In the SQL Server Primary Data Files are the basic data files which are related to the database for the storing and supervision of the information.
MDF file in SQL Server are associated with other related files of the same database. That is why every database is represented by Primary Data File.
Therefore, all the triggers, stored procedures, views, tables etc. related to the same database are also stored in the MDF file.
On the other hand, we can say that the MDF file is the key element of database administration and data substances on the server.
These primary database files are denoted as .mdf, i.e.
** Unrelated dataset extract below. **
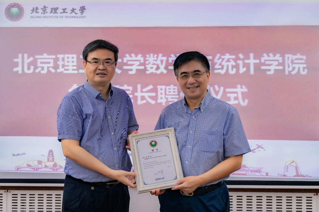 下午,在2号楼233会议室,学校举行了汤涛院士任北京理工大学数学与统计学院名誉院长聘任仪式。聘任仪式由校党委副书记、副校长项昌乐教授主持,校长张军院士向汤涛院士颁发名誉院长聘书。张军校长与汤涛院士均表示要进一步加强两校数学学科的交流与合作,促进数学与统计学院在人才培养、科技创新、师资队伍与合作办学方面取得新的突破。
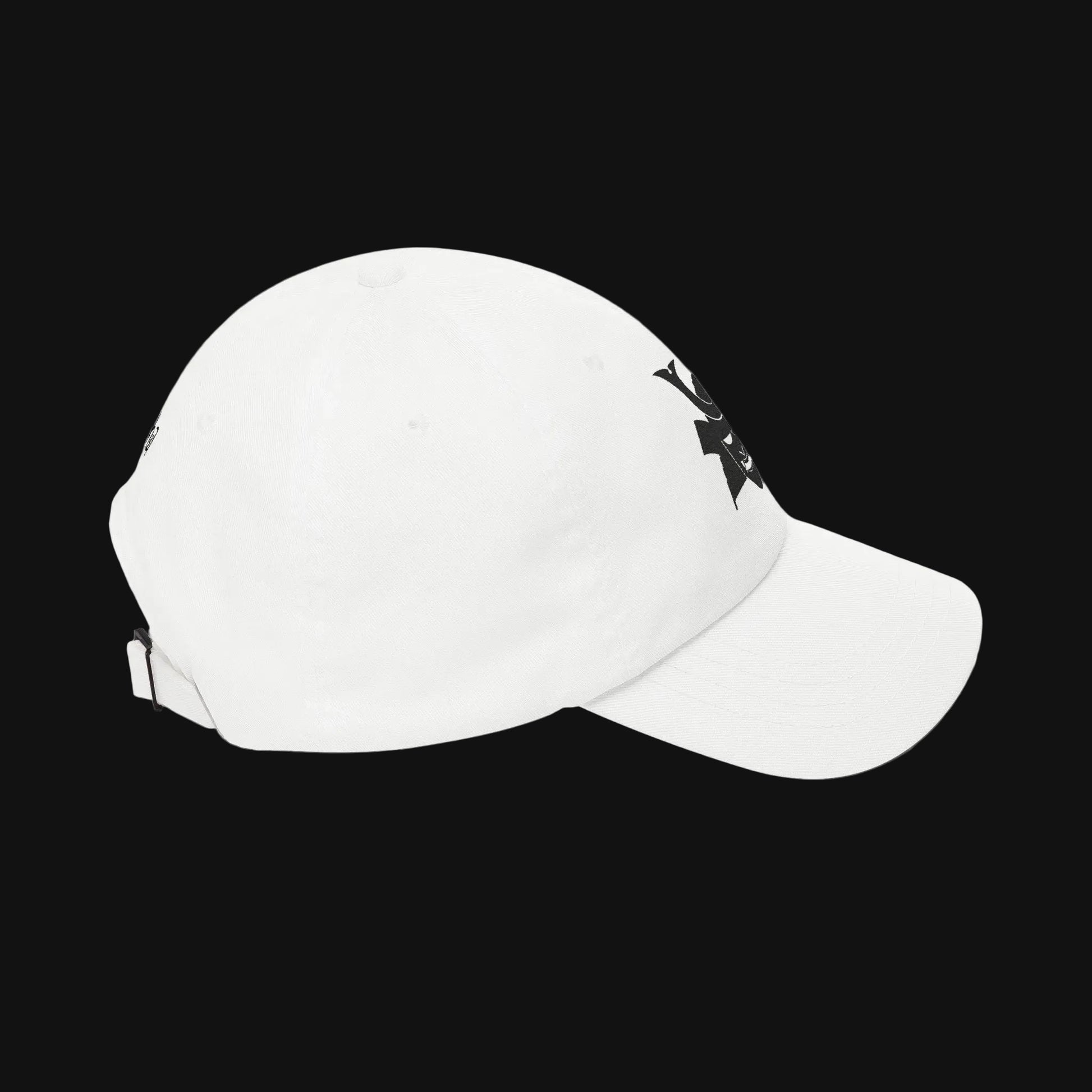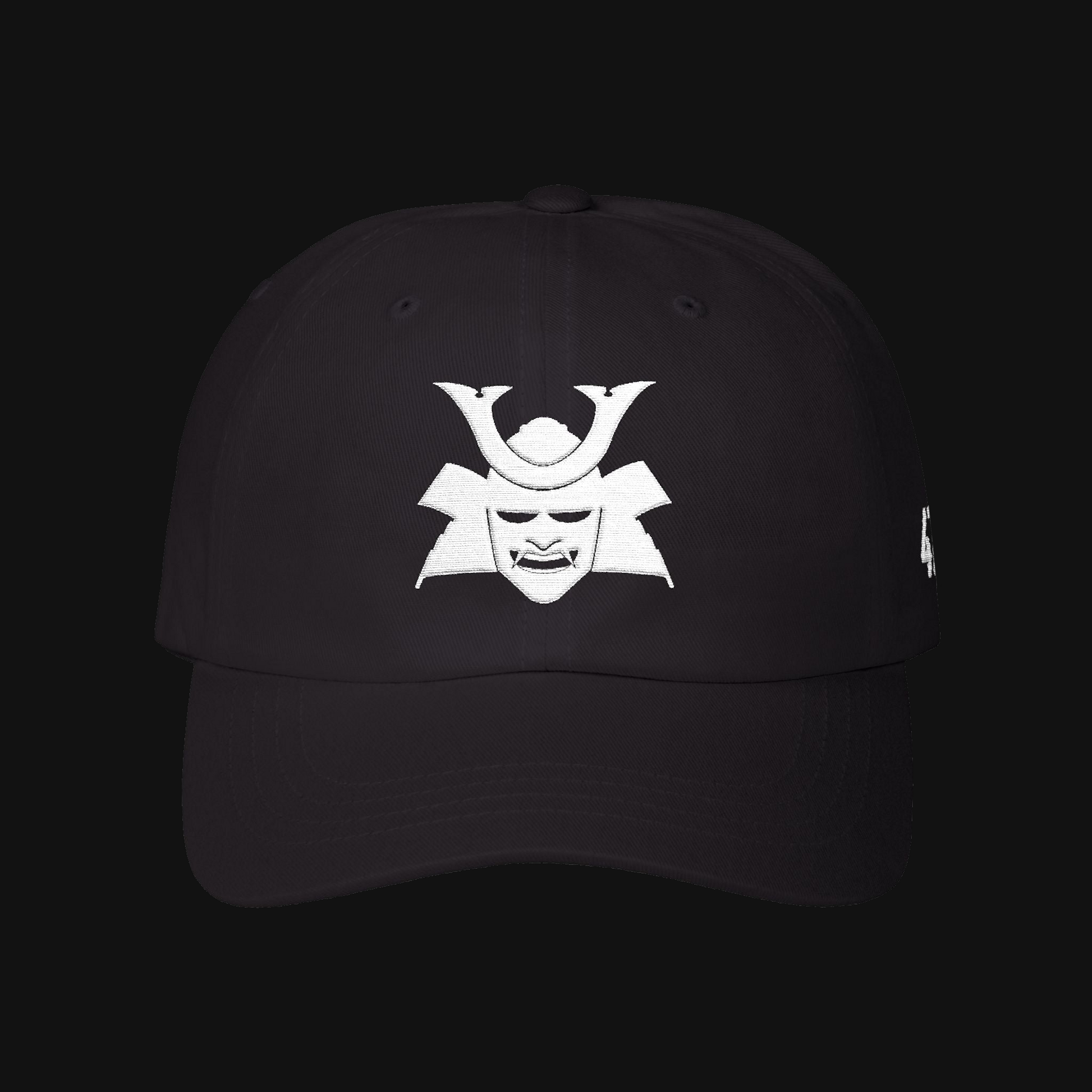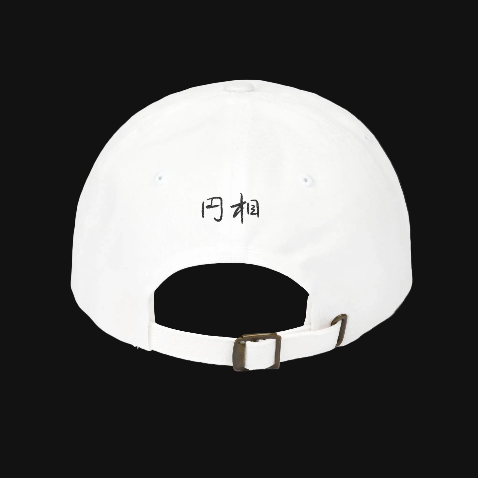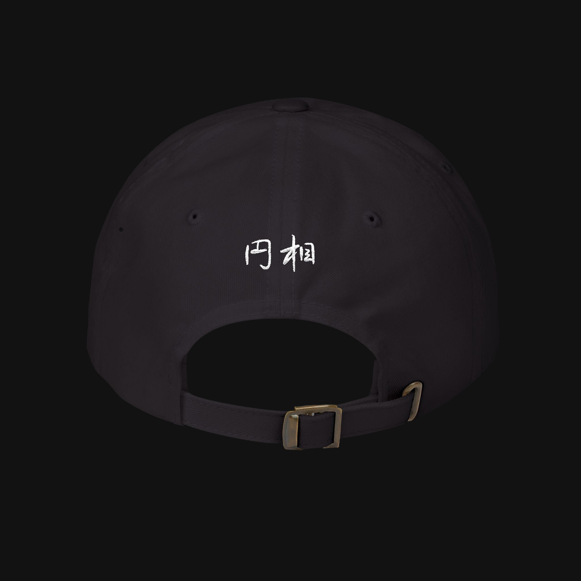 Menpō mask front embroidery. 円相 kanji rear. Structured dad cap, adjustable brass buckle strap.

Master Database File.

SQL Server LDF Files

The LDF files in SQL Server are very useful for the database recovery purpose in future.
The limitations and size of LDF file can be defined at the time of database designing.
Every database has at least one log data file, but it is also possible that there may be several data log files for the same database.
SQL Server LDF files store the transaction information (insert, update, delete etc.)
Log files helps to track the changes in the database and helps in tracking the source of problems when any threat occurs.
Log files are also used for the database forensics purpose as they log the information regarding each activity conducted on the associated database.
The extension of log data file is .ldf.

Importance of MDF and LDF Files in SQL Server

The most important aspect of these files is that it can be used as backup files.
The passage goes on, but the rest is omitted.